Laissa Guerreira tem Atrofia Muscular Espinhal e conta já ter sofrido preconceito de alunos e professores; pesquisa do IBGE apontou abismo entre pessoas com deficiência e restante da população
Bailarina e jogadora de bocha que sonha com a Paralimpíada, Laissa Guerreira diz que sofreu com preconceito de colegas e profissionais de educação Foto: Divulgação
Bailarina e jogadora de bocha que sonha com a Paralimpíada, Laissa Guerreira diz que sofreu com preconceito de colegas e profissionais de educação Foto: Divulgação

Hoje bailarina, atleta de bocha — com pretensão de ir à próxima Paralimpíada — e ativista, embaixadora da Amigos da Atrofia Muscular Espinhal (AAME-Brasil), Laissa Silva, ou melhor, Laissa Guerreira, como é conhecida, aos 15 anos já sabe bem o que o desnível entre as pessoas com deficiência e o restante da população, traduzido nos números da última pesquisa do IBGE , representa. Paraibana de Campina Grande, dependente da cadeira de rodas desde os 8 anos, Laissa viu portas de escolas se fecharem por sua condição, sofreu bullying por parte de crianças e de profissionais de educação, mas hoje, mesmo com a pouca idade, já inspira e luta pelos direitos de pessoas com deficiência.

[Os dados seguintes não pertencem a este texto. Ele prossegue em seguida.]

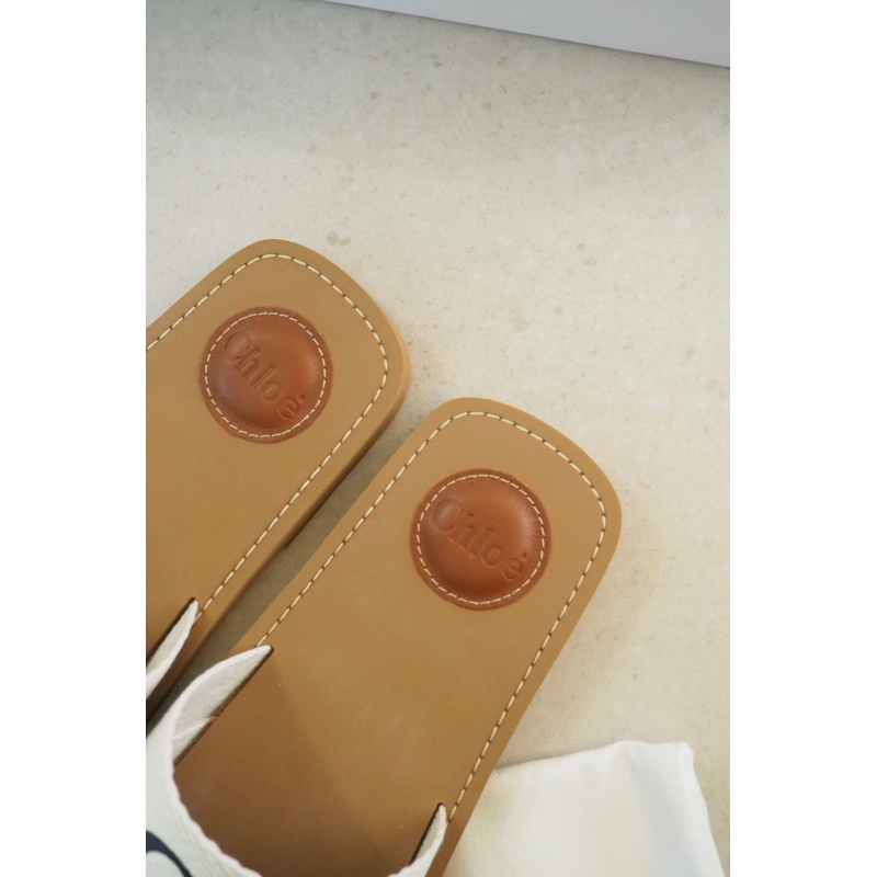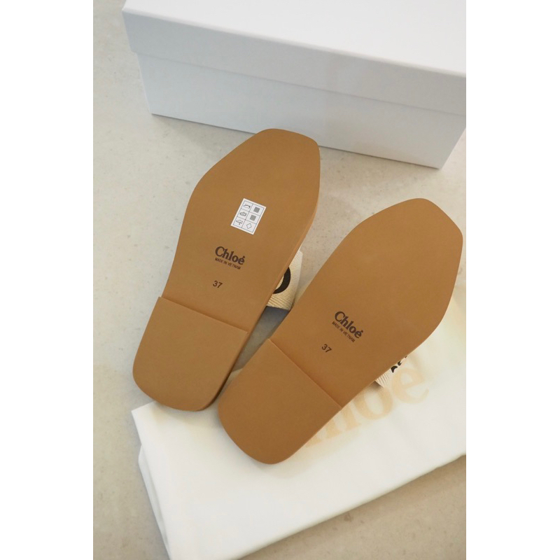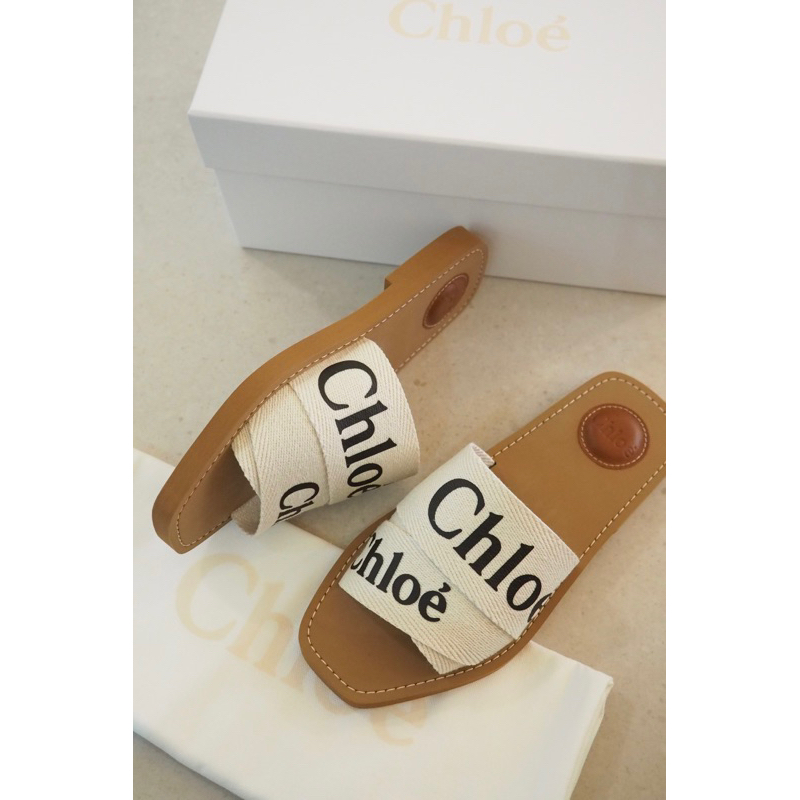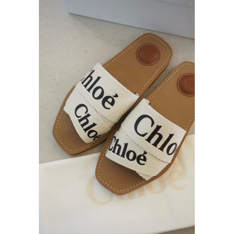 Chloe 蔻依 Woody 棉質織布 平底 拖鞋 白色 現貨

— Já passei por muito preconceito, antes mesmo de conseguir ir para a escola. Diziam que pessoas com deficiência não podiam entrar porque dariam trabalho, porque precisariam de pessoas para ajudar e que não era responsabilidade deles. Mas era. Está na Constituição. No colégio, os próprios alunos e profissionais tinham preconceito comigo. As outras crianças me chamavam de quatro rodas, aleijada. Antes de eu parar de andar totalmente, diziam que eu tinha um defeito, enquanto minha doença avançava rapidamente. Os pais dos outros alunos, então… só o jeito que olhavam para mim, já me colocavam para baixo — lembra a bailarina.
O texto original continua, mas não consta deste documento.